The problem didn't afflict ASPs who hosted traditional enterprise software, since their mission in any case was to take charge of the customer's entire IT infrastructure. But this was not the case for ASPs whose business was based on providing a single, Web-delivered application such as salesforce automation, financials or expense management. Their avoidance of any involvement with legacy application architectures was the foundation of their hallmark capaability to offer rapid, low-cost implementation.

Best of Breed Not Enough
Web-native ASPs like Salesforce.com, NetLedger, OpenAir and others were supremely confident that the Web-native model they espoused would bring about the rapid demise of traditional, installed software — but their ambitious plans seemed to have overlooked one vital point. Even though Web-native application services were plainly cheaper and more convenient when compared to their individual offline equivalents, what happened when an enterprise ended up with half-a-dozen applications, each operated by a different provider? With no means of integration, all the benefits of adopting each individual application would be swallowed up by the cost and inconvenience of connecting processes and exchanging data between them.

The absurdity became manifest with the example of San Francisco-based investment bank Putnam Lovell, which decided to bring in ASPs to provide the majority of its IT needs. Among the 20 or so different application providers it had accumulated by late last year, Putnam Lovell contracted Web services network provider Grand Central for the sole purpose of providing integration services among the others.
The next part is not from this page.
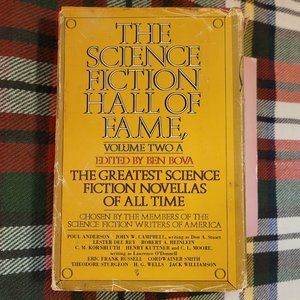 1973 hardcover edition of The Science Fiction Hall Of Fame, edited by Ben Bova. This copy has a broken spine (repairable by a librarian or book collector/restorer who knows what they are doing - and for this book, it is definitely worth doing). Otherwise, it displays wear consistent with shelf storage for a book its age (50 years). Good used copies get $39-$49. This one is going for $20 because it needs work. Worth restoring it though.

Clearly, this was not sustainable. What was needed was a simple, standards-based system for exchanging data and managing workflow across multiple distributed applications — one that would be easy to implement and which wouldn't lock providers or their customers into constricted relationships. Yet this was hardly something that such a young industry had the resources to bring into being, let alone achieve widespread agreement and adoption.

XML to the Rescue
Amazingly, the standards these providers have so desperately needed have arrived this year, driven not by their own efforts but by the efforts of the very software industry they intend to supercede. The integration roadblock is melting away like a mound of snow in a spring thaw, dissolved by the rapid adoption of XML-based web services.

The likes of Siebel, SAP, Microsoft and the others expect to preserve their dominance by opening up to standards-based integration with XML and Web services. But they're simultaneously opening the floodgates to an onrush of young contenders, by removing the single biggest obstacle that had previously held back their advance.

Keenly aware of the market reach such capabilities will bring them, many of the most successful Web-native application providers have rushed to add XML and Web services connection capabilities to their offerings. (Among them, see Vocus Unveils API for PR Automation Suite, Intacct Unveils New XML APIs and Salesnet Releases Web Services API).

Not Quite Clear Sailing Ahead
A few more obstacles still litter the road ahead, including the lack of effective tools for metering and management of online services, and most notably the need for developers to fully embrace the loosely coupled design principles required for effective integration of on-demand Web services. But just as those early pioneers were among the first to recognize the true potential of online application delivery, so they may yet prove to be the greatest beneficiaries of Web services-based application integration.